В голове молнией мелькнуло:
"Как бы осложнение на почки не получить", – и мозг без задержки выкинул на язык:
– Тогда антибиотик из цефалоспоринов, аспирин, чем-нибудь десенсибилизирующим прикрыться, например – супрастином, и много-много питья. Сладкий чай с лимоном, морс кисленький – три литра на день. И строгий постельный режим не менее, чем на неделю.
– Как, как? – заинтересовалась мама, хватая лежащий рядом с телефоном огрызок карандаша, – дай запишу. Це-фа что?
– Пишите, – уверенно сказал я и продиктовал по слогам, – це-фа-лек-син, по пятьсот миллиграмм. Берите сразу три упаковки, там по три таблетки в день идет, вам как раз на десять дней приема хватит.
Мама быстро зачирикала на листке.
И тут до меня дошло:
"Мля... Ты бы еще из пятого поколения антибиотик предложил..."
Мама опустила бумажку в карман передника.
– Эээ... Ну... А если в аптеке не будет или без рецепта не дают, – замямлил я, примериваясь, как выбраться из ловушки, в которую сам же себя загнал, – то оксациллин или эритромицин. Да, так даже лучше будет!
– Оксациллин врач и прописала, – кивнула мама. – Минут двадцать как ушла.
"Ах, так вот откуда такой знакомый аромат!" – я чуть не хлопнул себя по лбу. – "Ну да, на одном, видимо, участке живем. А это мне крупно повезло, что разошлись. Вот смеху-то было б... Только тут моей клоунады с ней не видели".

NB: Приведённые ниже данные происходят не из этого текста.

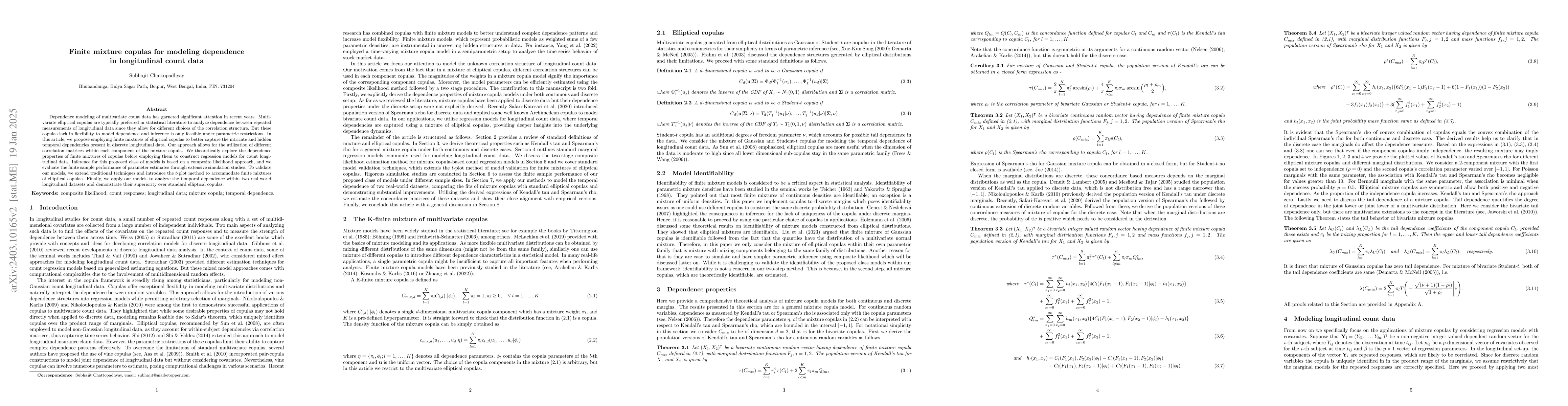 This paper proposes finite mixture copulas to model complex temporal dependencies in longitudinal count data, overcoming the limitations of standard elliptical copulas. The approach allows for different correlation structures and is validated through simulations and real-world data analysis, demonstrating improved performance over traditional methods.

Щеки запылали нездоровым жаром.
– В медицину пойдешь? – заинтересовалась мама Люба моими неожиданными познаниями.
Я поймал себя на том, что сверлю жадным взглядом карман ее передника и отвел глаза.
– Не уверен... У меня в последнее время математика отлично пошла. Да что там пошла – полетела просто, – начал я закладывать фундамент будущей легенды. – Так что и на точные науки могу пойти. Но время еще есть обдумать.
– Да, до конца этого класса можно еще выбирать, – легко согласилась мама, – ну... Иди к болящей, только не долго. А потом на кухню, чаю попьем.
Я зашел в Томину комнату. Да, серьезно ее пробрало. Обессиленно прикрытые глаза обметаны темными полукружьями, на побледневших губах ломкая корочка, припухлости под углами челюстей... Присел на край кровати и положил руку на сухой пылающий лоб. Как бы не за сорок уже.
– Привет...
Приоткрыла глаза и послала слабую извиняющуюся улыбку.
Заставил себя убрать руку и озабоченно спросил:
– Аспирин пила?
Она через силу кивнула.
– Давно?
Скосила глаза на настенные часы и прошептала слабым голосом:
– С полчаса назад.
– А, хорошо... Сейчас должен будет подействовать. Молоком запивала?
Отрицательно качнула головой.
"Вот двоечница!" – я в сердцах воскликнул про себя, – "не сказала, что аспирин надо обязательно запивать молоком. Ууу... Встречу – накажу!"
– Голова болит?
– Да... – жалобно пискнула она и поморщилась.
– Ну, милая, – я положил пальцы ей на виски и помассировал круговыми движениями, – потерпи, скоро пройдет.
Откуда-то из-за плеча долетело приглушенное Яськино фырканье. Я проигнорировал.
Взял двумя пальцами беззащитное ушко и скатал в трубочку. Отпустил.
– Точно, мягкое как тряпочка... Как я и подозревал.
Тома улыбнулась, легко-легко, самым краешком губ. Довернула голову на подушке и какое-то время мы просто молча смотрели друг другу в глаза. Лицо ее постепенно приобрело умиротворенный оттенок, затем она чуть заметно поморщилась, и веки смежились.
Я понял:
– Ну... Отдыхай. Мы пойдем...
Она чуть двинула головой, отпуская, и мы с Ясей на цыпочках двинулись на выход. От дверей я оглянулся: Тома тихонько улыбалась в полутемный потолок.